Is this INSTEAD of Lupron? I am on both as is indicated by any of the studies I have seen. Most monoline therapies don’t show as good results. I am sure others will chime in. By the way, my side effects are not that bad.

jackwfrench profile image
jackwfrench in reply toMelodyCat

Yes I am also on abiraterone and prednisone, he wants erleada instead of lupron, but why?

MelodyCat profile image
MelodyCat in reply tojackwfrench

Seems odd to me. lupron stops/slows the production of T via the brain while abiraterone and erleada are both “blockers” to stop synthesis of any remaining T…usually.

speranza10 profile image
speranza10 in reply tojackwfrench

It seems strange to me that he wants to change Lupron to Erleada. Is it that you misunderstood and instead he wants to change Zytiga to Erleada?

Leaffan57 profile image
Leaffan57 in reply tosperanza10

I'm on Lupron and Erleada...18 months now

Tall_Allen profile image
Tall_Allen

Erleada monotherapy (apa) was tested against abi +ADT and apa+abi They found that apa achieved PSA of ≤0.2 ng/mL in 60%, while abi+ADT achieved 76% and apa+abi achieved 80%. However, serious side effects were seen in only 21% on apa, vs 31% on abi+ADT vs 36% on apa+abi.

ejcancer.com/article/S0959-...

Perhaps your oncologist thinks your risk of serious side effects exceeds the improvement in oncological benefit? This should be discussed.

jackwfrench profile image
jackwfrench in reply toTall_Allen

I have to apologize - he was referring to Eligard which I understand is essentially Lupron, I got it mixed up with something else I was reading. Sorry.

carbide profile image
carbide in reply tojackwfrench

That changes everything! You posted to quickly. Something I could do. Just get better. 👍

PCaWarrior profile image
PCaWarrior

If you tolerate the sides apalutamide plus zytiga is better.

Zytiga stops biosynthesis of T in the adrenals, the testes, and the tumor microenvironment. Whatever is left gets blocked by the ARSI (Erleada).

AlmostnoHope profile image
AlmostnoHope

Lupron is awful but worst of all , leads you into CRPC. I prefer Orgovyx because it works far better and its oral so it works with my natural plus medicinal protocol. It makes me tired but I can take breaks intermittently and maintain stable PSA.

jackwfrench profile image
jackwfrench

Lupron leads to CRPC but Orgovyx does not?

dhccpa profile image
dhccpa in reply tojackwfrench

Same question. Haven't heard that before.

London441 profile image
London441

No.

RTSON1 profile image
RTSON1 in reply toLondon441

So is it the Low T condition that allows CRPC to emerge or is this a side effect of specific ADT medications?

London441 profile image
London441

Medically the answer is multifaceted and a bit complex. Here is a summary:

pmc.ncbi.nlm.nih.gov/articl...

Informally, it's a lot like many other drugs. The body adapts to drug use, whether medicinal or recreational, in a variety of ways. Cancer, as we know, is basically us turning renegade on ourselves. Survival endowed to the max. It adapts to our best efforts to eradicate it. Fascinating, but also a sad-and so far insoluble- process.

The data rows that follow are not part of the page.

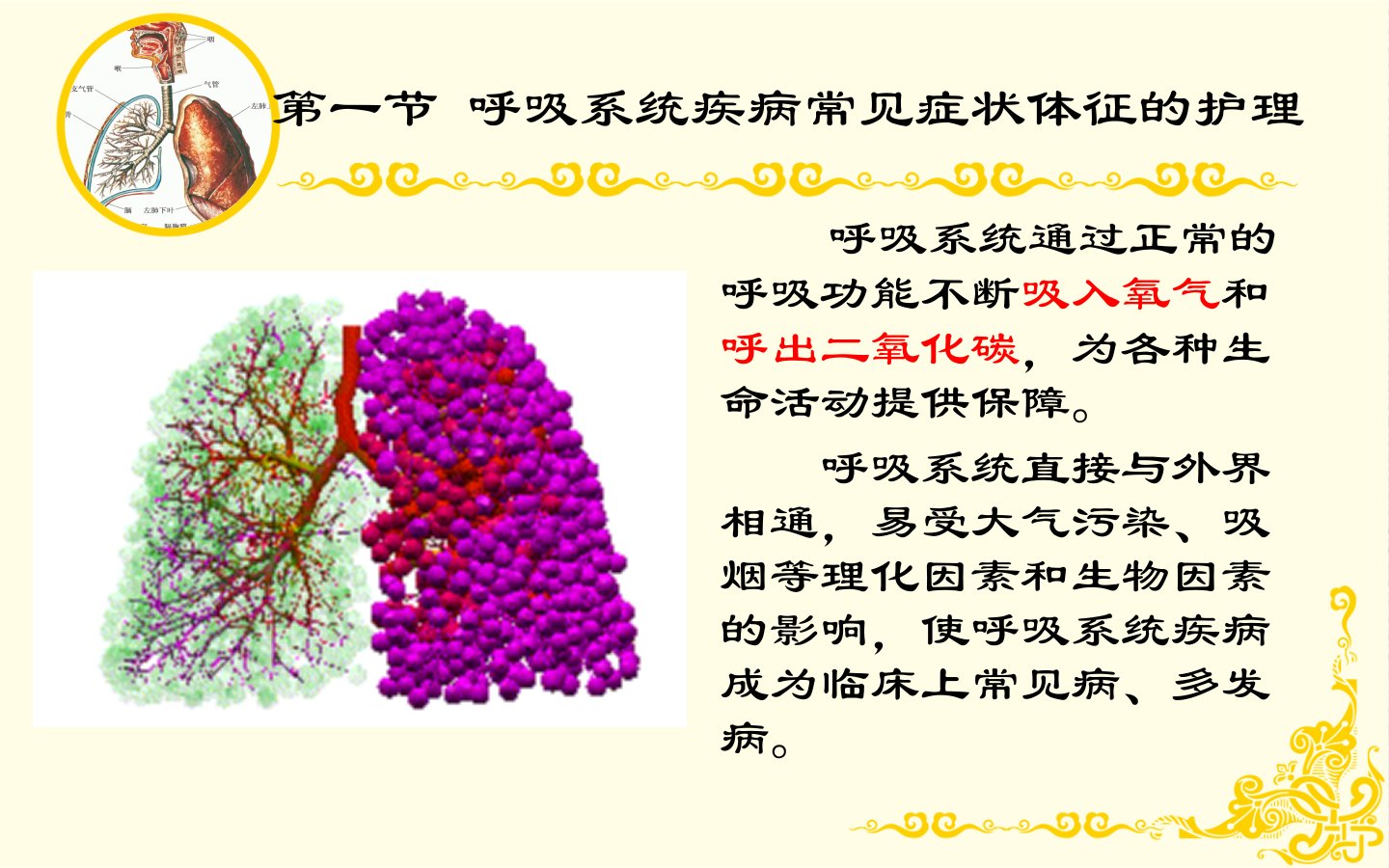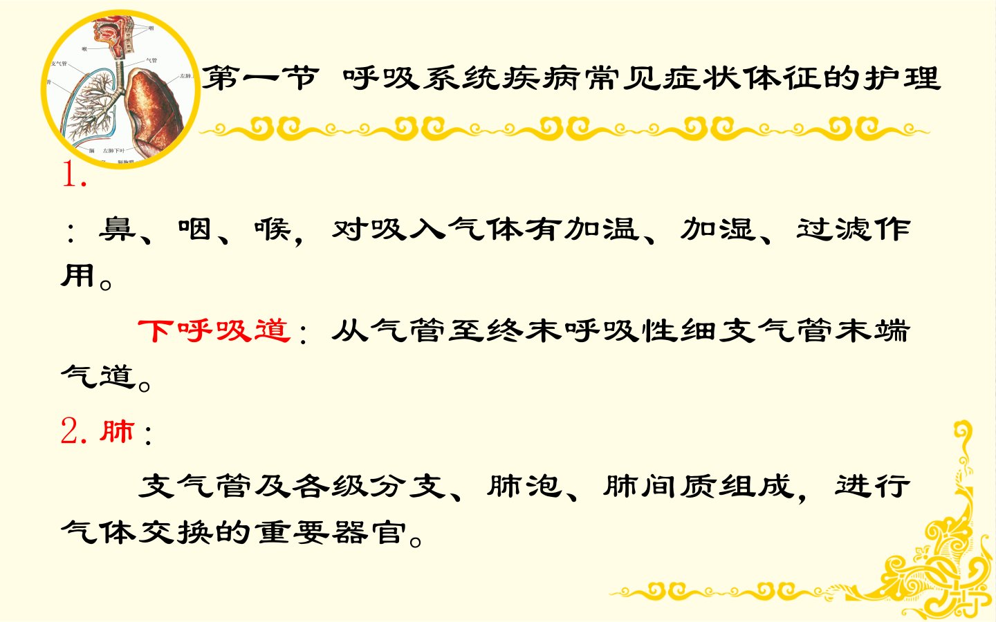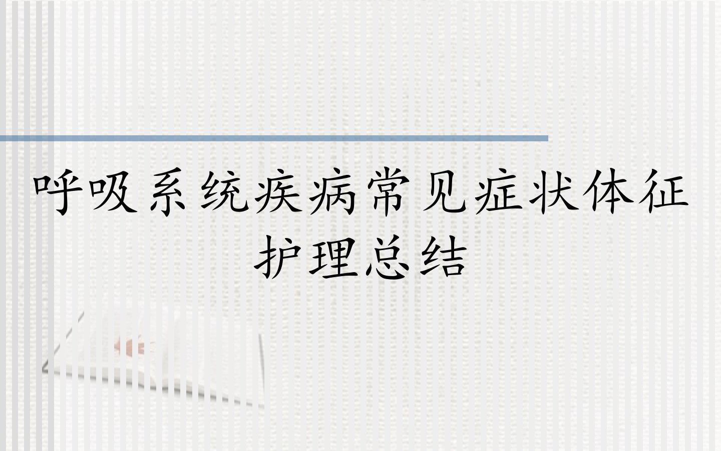 呼吸系统疾病常见症状体征护理总结第一节呼吸系统疾病常见症状体征的护理1.:鼻、咽、喉,对吸入气体有加温、加湿、过滤作用。下呼吸道:从气管至终末呼吸性细支气管末端气道。2.肺:支气管及各级分支、肺泡、肺间质组成,进行气体交换的重要器官。第一节呼吸系统疾病常见症状体征的护理呼吸系统通过正常的呼吸功能不断吸入氧气和呼出二氧化碳,为各种生命活动提供保障。呼吸系统直接与外界相通,易受大气污染、吸烟等理化因素和生物因素的影响,使呼吸系统疾病成为临床上常见病、多发病。第一节呼吸系统疾病常见症状体征的护理呼吸系统常见的症状体征咳嗽咳痰紫绀肺源性呼吸困难胸痛咯血咳嗽、咳痰的护理一.定义咳嗽是呼吸道黏膜受刺激引起...
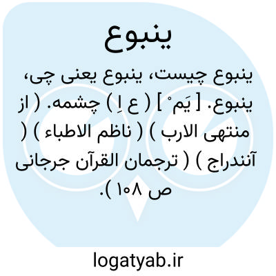 [ویکی اهل البیت] ینبوع به معنای چشمه است؛ و به صورت «ینابیع» جمع بسته می شود.
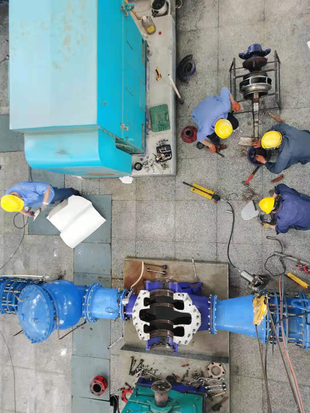因三灣管道施工,從6月中旬開始庫區(qū)斷供,水廠全力抽取江水,水中雜物順流堵泵現(xiàn)象頻發(fā)。泵站值班人員隨時監(jiān)測運行數(shù)據(jù),及時拆卸泵殼清掏雜物以保證設(shè)備高效運行。其中愛河泵站5臺機組連續(xù)運行,堵泵情況最為嚴(yán)重。由于泵站屋頂?shù)桶L(fēng)不暢,室內(nèi)溫度超過五十?dāng)z氏度。為了維持取水效率,他們冒著中暑風(fēng)險開泵搶修作業(yè),充分展現(xiàn)了供水人愛崗敬業(yè),服務(wù)社會的精神風(fēng)貌。
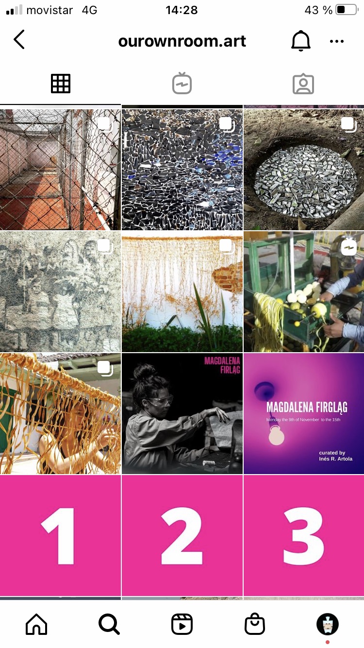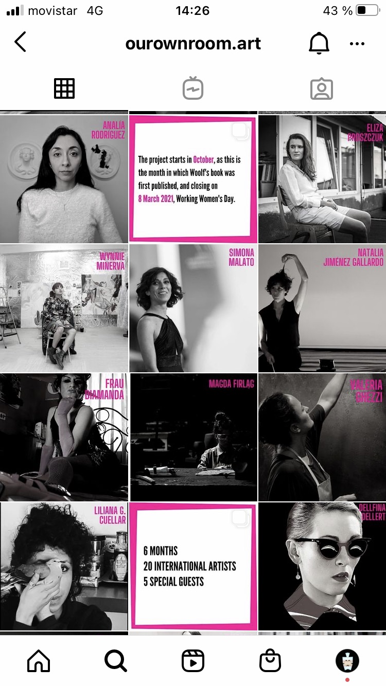 Ourownroom is a curatorial project by art historian Inés Ruíz Artola. The project began in October 2020 and is planned to end on March 8, 2021, coinciding with the celebration of International Women’s Day. A curatorial project in progress, where the twenty participating artists have been publishing their work on the social networks Facebook and Instagram; carried out under the premises determined in a continuous exchange and dialogue of conditions between the artists and the curator. In this way, Ourownroom is articulated over six months, during which each week, the account created with the same name in both networks, serves as its own room for each of the invited artists, who will deploy in that time a project carried out taking full advantage of the characteristics of the format. The idea is to end with the contributions of five writers, Florencia Abbate, Francisco Casas Silva, Belén García Abia, Margo Glantz and Kinga Stanczuk. All of them have wanted to participate by contributing from the literary field, precisely the one that gave rise to the project, thus closing the circle.
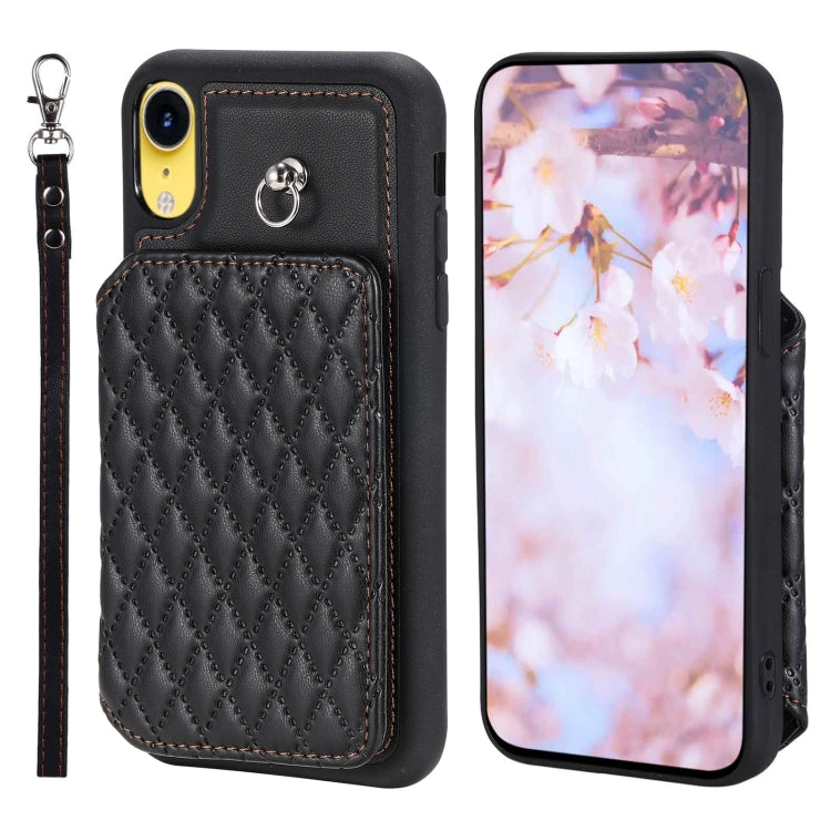 Funda para Teléfono iPhone Xr Grid Texture Card Bag con Cordón (Negro)
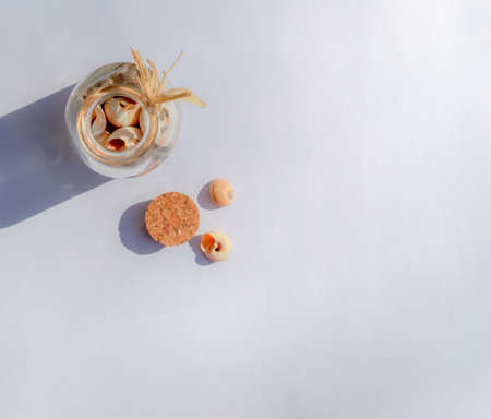 Flat lay photo of sea snail shell in a glass bottle with a cork stopper
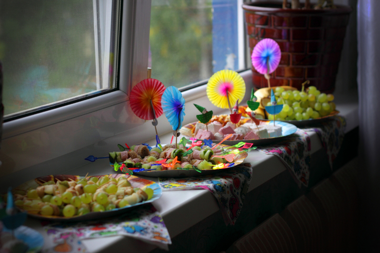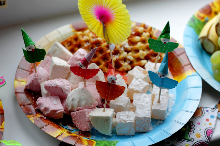 С первым ребенком отмечали годовасие в развлекательном центре! Очень понравилось и самой и детям, но многим родителям не очень понравилось т.к им хотелось продолжения посидеть, поболтать, выпить пришлось еще и дома все это продолжать. По этому у Яночки решили сразу дома отметить тем более гостей взрослых намечалось очень много.Много фото!Детям приготовила соки в упаковках,повозиться пришлось с канапе делала 2 вида: первое хлеб, колбаса,огурец на большой шприц насаживаешь , впереди носик отрезаете, делать легко но рассчитывала на 8 детей хотя бы по 2-3 шт, и 2 банан,груша, виноград, ну и всякие сладости, фрукты накрыла все на подоконике в спальне,так дети были возраста от 3-6 ,
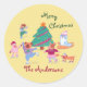 Sticker Rond Joyeux Noël Chien Ice Patinage Nom Pastel Jaune
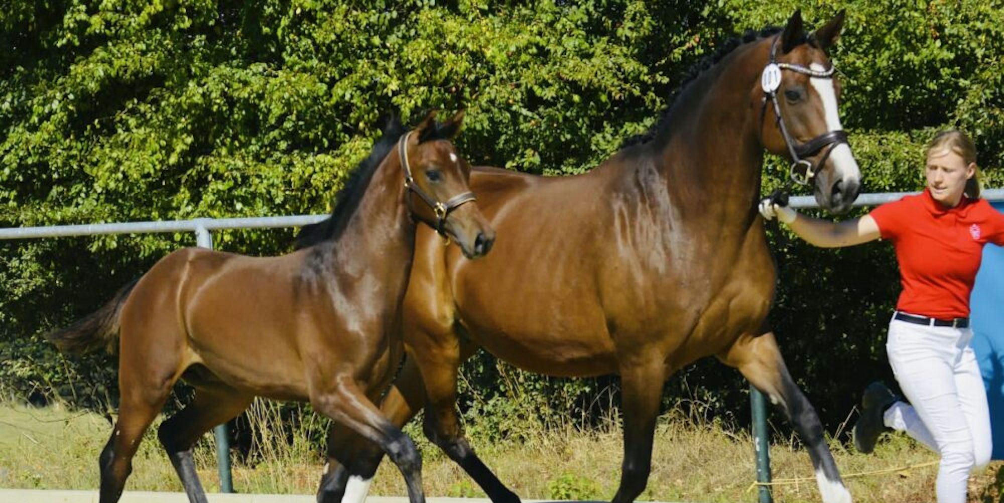 Fohlen „Zamiro“ mit Mutter „Isabelle“ im Führkreis. „Zamiro“ erhielt am Samstag eine Goldmedaille.
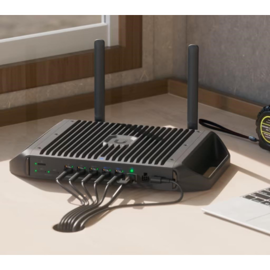 Ruggedized, fanless 10 GbE UniFi Cloud Gateway delivering 350W of total system power for high-density PoE deployments, with advanced routing capabilities and microSD storage for full UniFi application support..
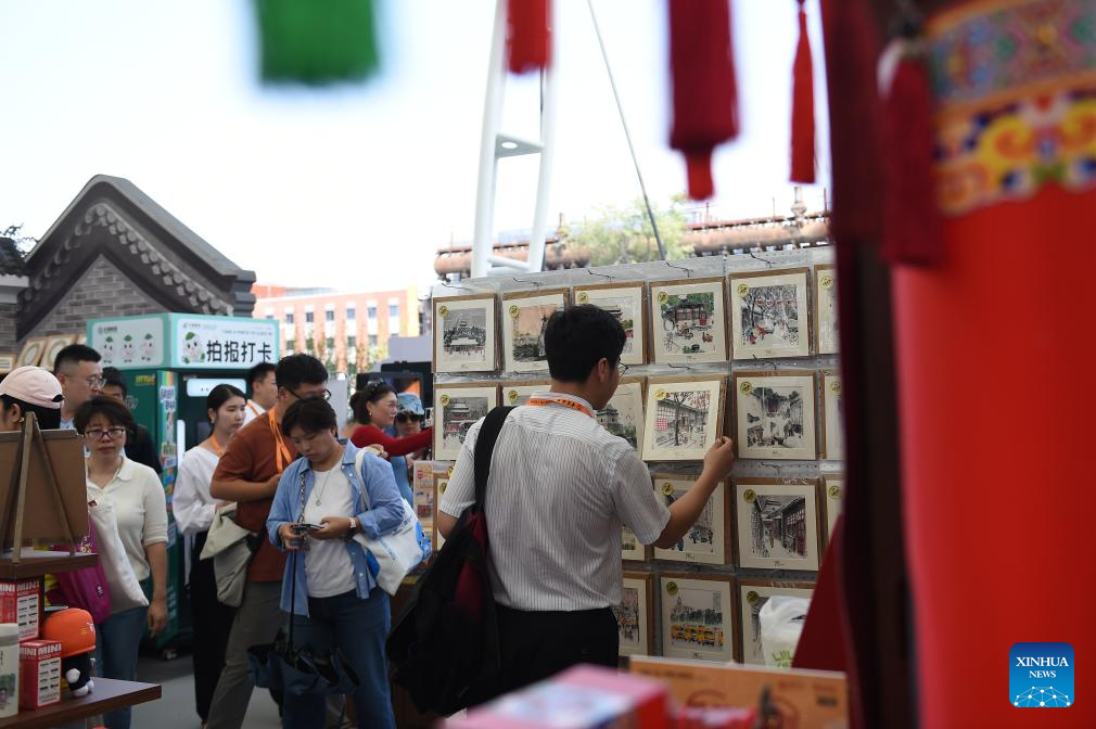 People learn about cultural and creative products displayed at the 2025 China International Fair for Trade in Services (CIFTIS) in Beijing, capital of China, Sept. 11, 2025. The 2025 CIFTIS is held from Sept. 10 to 14 at the Shougang Park in Beijing. This year's fair features a wide range of cultural and creative products, which are highly popular among visitors. (Xinhua/Zhang Xinjing)
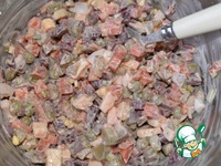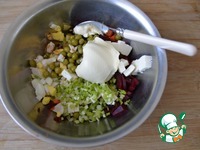 Соединяем все ингредиенты. кладём мелко порезанный зелёный лук, зелёный горошек. Соль, смесь перцев молотую. |
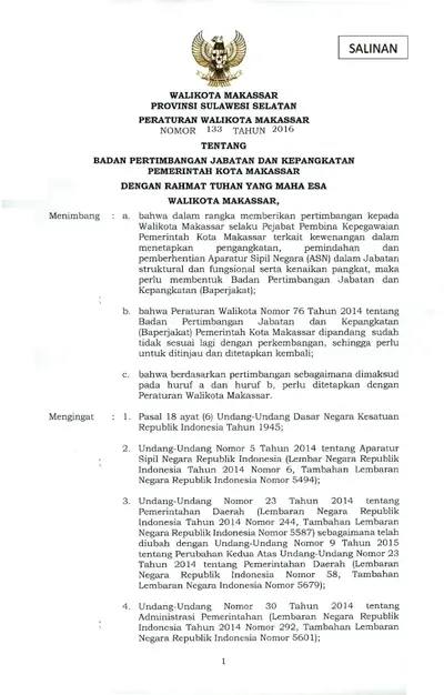 Peraturan Walikota Makassar Nomor 133 Tahun 2016 Tentang Badan Pertimbangan Jabatan Dan Kepangkatan Pemerintah Kota Makassar
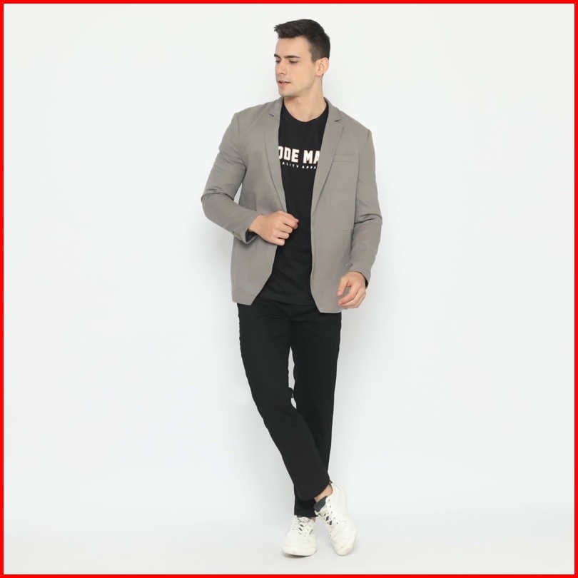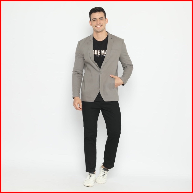 Code Male- Lexus Jas Blazer Casual Cotton Pria Slimfit Abu Lite Kancing 1
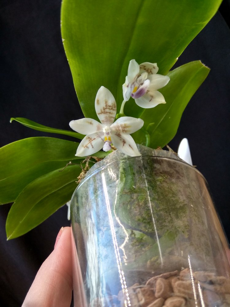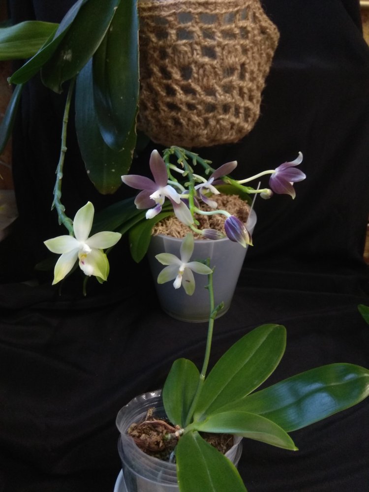 Phal. Jennifer Palermo blue x violacea indigo и Phal. Seto Pixie (tetraspis x celebensis):
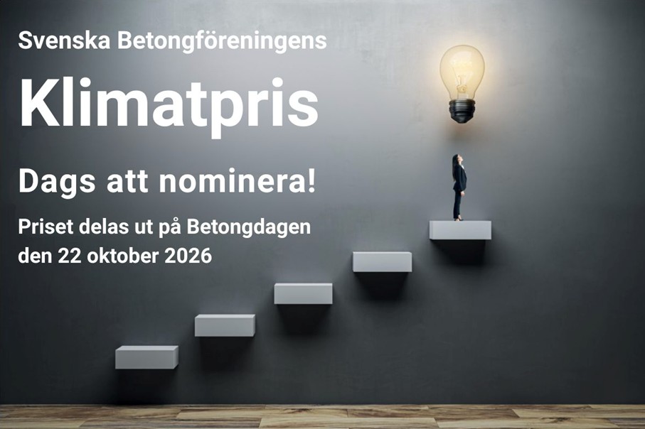 Svenska Betongföreningens Klimatpris delas ut under Betongdagen 2026, årets största och mest seriösa samling inom betongsektorn, den 22 oktober i Stockholm.
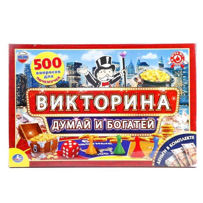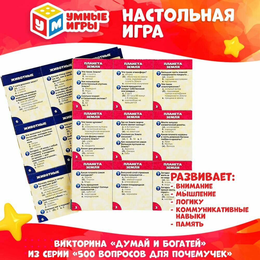 Купить Настольная игра Викторина Думай и богатей, Умные игры, 500 вопросов, 2-4 игрока, для детей старше 3-х лет
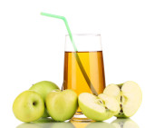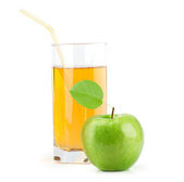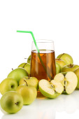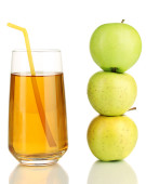 Sok w fast food zamknięty kubek z rurką i jabłkami izolowane na białym
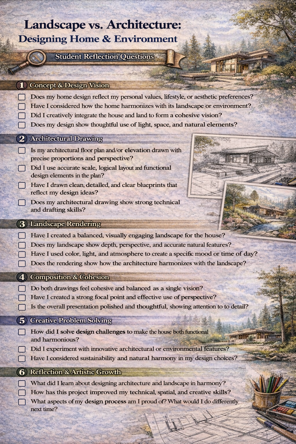 This assignment pushes students beyond observational drawing and into conceptual design. They must consider not only how a house looks, but how it functions, how it relates to land, and how environment shapes human experience.

Many experts now believe switching therapies periodically helps keep the disease 'off balance', but it is by no means proven to work.

RTSON1 profile image
RTSON1 in reply toLondon441

Thanks

SteveTheJ profile image
SteveTheJ

They're two different things that can be taken together. That's how I started in 2020, taking both, and now I've temporarily stopped Lupron.

j-o-h-n profile image
j-o-h-n

Simple Reason:

Your M.O. just invested a ton of money in The Janssen Pharmaceutical Companies of Johnson & Johnson that manufacture Erleada.

Good Luck, Good Health and Good Humor.